Exploring failed events in the warehouse or data lake
This feature is available since Enrich 5.0.0 and works with Snowflake and Lake loaders.
Introduction
Failed events are events the pipeline had some problem processing (for example, events that did not pass validation).
For the common failures (validation and enrichment), you can configure continuous loading of any offending events into a separate table in your warehouse or lake. This way, you can easily inspect them and decide how they might be patched up (e.g. with SQL) and merged with the rest of your data.
This feature is not retroactive, i.e. only failed events that occur after it’s enabled will be loaded into your desired destination.
Format
The format of the failed events loaded into your warehouse or lake is the same as for your atomic events. All the standard fields are present (unless themselves invalid — see below). This allows you to query and aggregate this data easily, e.g. if you want to see the number of failures per app_id
.
There are two differences compared to regular events.
Invalid data is removed from the event. This principle applies to all columns:
- Any invalid standard column (e.g.
geo_country
) will be set tonull
instead of the offending value. - Likewise, any column containing the JSON for a self-describing event (
unstruct_...
) will be set tonull
if that JSON fails validation. - Finally, for entity columns (
contexts_
), if one entity is invalid, it will be removed from the array of entities. If all entities are invalid, the whole column will be set tonull
.
For more information about the different columns in Snowplow data, see how Snowplow data is stored in the warehouse.
There is an extra column with failure details. The column is named contexts_com_snowplowanalytics_snowplow_failure_1
. In most cases, it will also contain the invalid data in some form. See the next section for an example.
Example failed event
Here is an example of what the contexts_com_snowplowanalytics_snowplow_failure_1
column might contain. Note that a single failed event might have more than one error. In this case, there is a required field missing, and also an unrecognized field present.
[
{
// timestamp of the failure
"timestamp": "2025-01-15T14:12:50.498148Z",
// failure type and failure schema version
"failureType": "ValidationError",
"_schema_version": "1-0-0",
// the component where the failure happened
"componentName": "snowplow-enrich-kafka",
"componentVersion": "5.1.2",
// the schema of the offending event
"schema": "iglu:com.snowplowanalytics.snowplow/link_click/jsonschema/1-0-1",
// any properties which were invalid
"data": {
"invalidProperty": "This schema doesn't have this property"
},
// there can be multiple errors per event
"errors": [
{
"keyword": "required",
"message": "$.targetUrl: is missing but it is required",
"path": "$",
"source": "unstruct",
"targets": [
"targetUrl"
]
},
{
"keyword": "additionalProperties",
"message": "$.invalidProperty: is not defined in the schema and the schema does not allow additional properties",
"path": "$",
"source": "unstruct",
"targets": [
"invalidProperty"
]
}
]
}
]
Setup
To use this feature, you will first need to enable the stream that contains failed events in the Snowplow TSV format suitable for loading into your warehouse or lake.
The instructions below are for Snowplow BDP users.
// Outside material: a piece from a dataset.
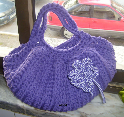 Esta mala foi a minha primeira experiência em trapilho e ficou muito mimosa :) a mana foi a sortuda que ficou com ela!!
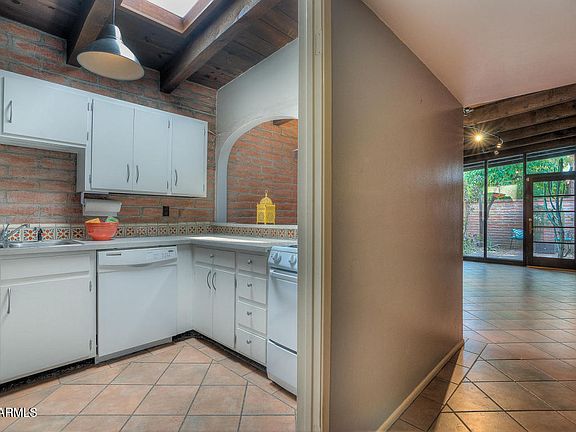 Mid century modern condo in the excellent Spanish Gardens community! Features 2 Bedrooms and 1 Bath. Skylights in the Living room, Kitchen and Bathroom. Entire place has tile installed. You'll have your own large private backyard and personal storage shed.. Conveniently located next to one of two community pools and right in the heart of Phoenix. Includes 1 covered parking spot, and plenty of guest spots. Washer/Dryer hookups in house. Key Words Exposed Brick

For Community Edition, you will need to configure this manually via Terraform.
An additional stream (Kinesis, Pub/Sub or Event Hubs on AWS, GCP and Azure respectively) will be reflected in your cloud infrastructure costs (unless you are using BDP Cloud). That said, failed events are usually a tiny fraction of all events, so this stream will be minimally sized.
Open the “Pipeline configuration” section for the desired pipeline and select “Failed events stream”.
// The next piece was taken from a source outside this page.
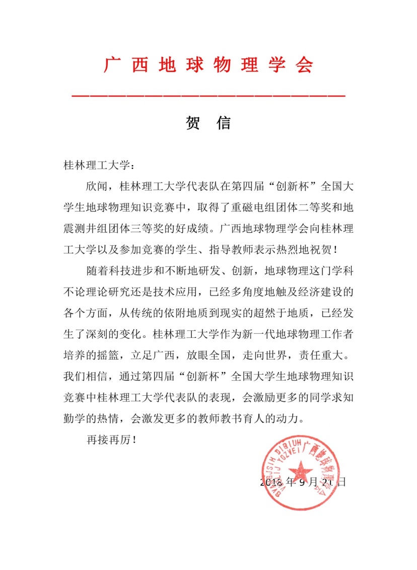 本次参赛全面展示了学校人才培养质量,彰显了学校特色与地学优势,提升了学校地球物理类专业在国内的知名度和影响力,对“双一流”建设将产生积极影响。赛后,广西地球物理学会发来了贺信,向我院的参赛选手和指导教师表示热烈的祝贺。

Click “Enable” and wait for the changes to take effect.
Now you are ready to add a loader. Click “Add failed events loader”, which will take you to the destinations catalog.
You can use the following loaders with the failed events stream:
- Snowflake Streaming Loader
- Lake Loader
Pick your desired destination and follow the steps in the UI, selecting “failed events” as the type of events.
Note that as with any other loader, you will first need to create a connection to your warehouse or lake, and then the loader itself.
Some of the problems that cause failed events could lead them to contain personally identifiable information (PII). For example, a validation error could stem from PII placed in the wrong field, and that field might not be pseudonymized, leaving PII exposed in the error message. Or the PII enrichment itself might have failed.
For this reason, we strongly recommend loading failed events into a separate schema (in case of a warehouse) or storage location (in case of a data lake) compared to your atomic events. This allows you to restrict access to failed events.
Keep this in mind when creating the connection.